--- THE RECORDS Enclosed Below ---

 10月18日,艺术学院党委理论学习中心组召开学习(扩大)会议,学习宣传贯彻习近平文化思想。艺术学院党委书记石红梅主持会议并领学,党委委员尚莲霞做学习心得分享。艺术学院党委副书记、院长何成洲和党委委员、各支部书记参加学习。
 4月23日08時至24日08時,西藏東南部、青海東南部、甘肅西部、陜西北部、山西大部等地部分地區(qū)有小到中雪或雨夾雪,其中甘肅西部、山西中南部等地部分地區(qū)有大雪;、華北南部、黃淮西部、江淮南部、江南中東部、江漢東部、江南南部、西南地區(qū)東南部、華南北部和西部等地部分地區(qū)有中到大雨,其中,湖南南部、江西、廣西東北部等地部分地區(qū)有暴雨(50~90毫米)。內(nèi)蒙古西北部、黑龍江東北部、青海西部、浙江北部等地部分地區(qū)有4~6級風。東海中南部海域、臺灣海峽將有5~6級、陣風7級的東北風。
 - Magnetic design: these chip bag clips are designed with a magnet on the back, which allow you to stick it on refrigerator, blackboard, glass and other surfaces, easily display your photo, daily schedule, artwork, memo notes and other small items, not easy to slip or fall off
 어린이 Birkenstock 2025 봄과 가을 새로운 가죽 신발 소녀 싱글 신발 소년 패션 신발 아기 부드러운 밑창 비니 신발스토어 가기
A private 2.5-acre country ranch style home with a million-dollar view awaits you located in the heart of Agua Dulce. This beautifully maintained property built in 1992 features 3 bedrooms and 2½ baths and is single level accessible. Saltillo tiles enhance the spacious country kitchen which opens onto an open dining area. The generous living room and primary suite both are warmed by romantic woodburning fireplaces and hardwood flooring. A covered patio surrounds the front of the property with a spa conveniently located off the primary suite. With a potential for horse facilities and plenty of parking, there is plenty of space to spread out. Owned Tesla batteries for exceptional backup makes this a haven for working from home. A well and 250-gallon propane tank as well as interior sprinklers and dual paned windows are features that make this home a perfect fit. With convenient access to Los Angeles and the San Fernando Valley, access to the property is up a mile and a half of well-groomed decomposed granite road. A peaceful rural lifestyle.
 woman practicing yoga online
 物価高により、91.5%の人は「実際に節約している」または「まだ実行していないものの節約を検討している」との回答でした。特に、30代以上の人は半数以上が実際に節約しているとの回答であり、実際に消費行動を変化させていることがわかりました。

--- End of Enclosed THE RECORDS ---

WORK REQUIRED:
Each line above that contains "which" must be copied out.

TASK ANSWER:
 - Magnetic design: these chip bag clips are designed with a magnet on the back, which allow you to stick it on refrigerator, blackboard, glass and other surfaces, easily display your photo, daily schedule, artwork, memo notes and other small items, not easy to slip or fall off
A private 2.5-acre country ranch style home with a million-dollar view awaits you located in the heart of Agua Dulce. This beautifully maintained property built in 1992 features 3 bedrooms and 2½ baths and is single level accessible. Saltillo tiles enhance the spacious country kitchen which opens onto an open dining area. The generous living room and primary suite both are warmed by romantic woodburning fireplaces and hardwood flooring. A covered patio surrounds the front of the property with a spa conveniently located off the primary suite. With a potential for horse facilities and plenty of parking, there is plenty of space to spread out. Owned Tesla batteries for exceptional backup makes this a haven for working from home. A well and 250-gallon propane tank as well as interior sprinklers and dual paned windows are features that make this home a perfect fit. With convenient access to Los Angeles and the San Fernando Valley, access to the property is up a mile and a half of well-groomed decomposed granite road. A peaceful rural lifestyle.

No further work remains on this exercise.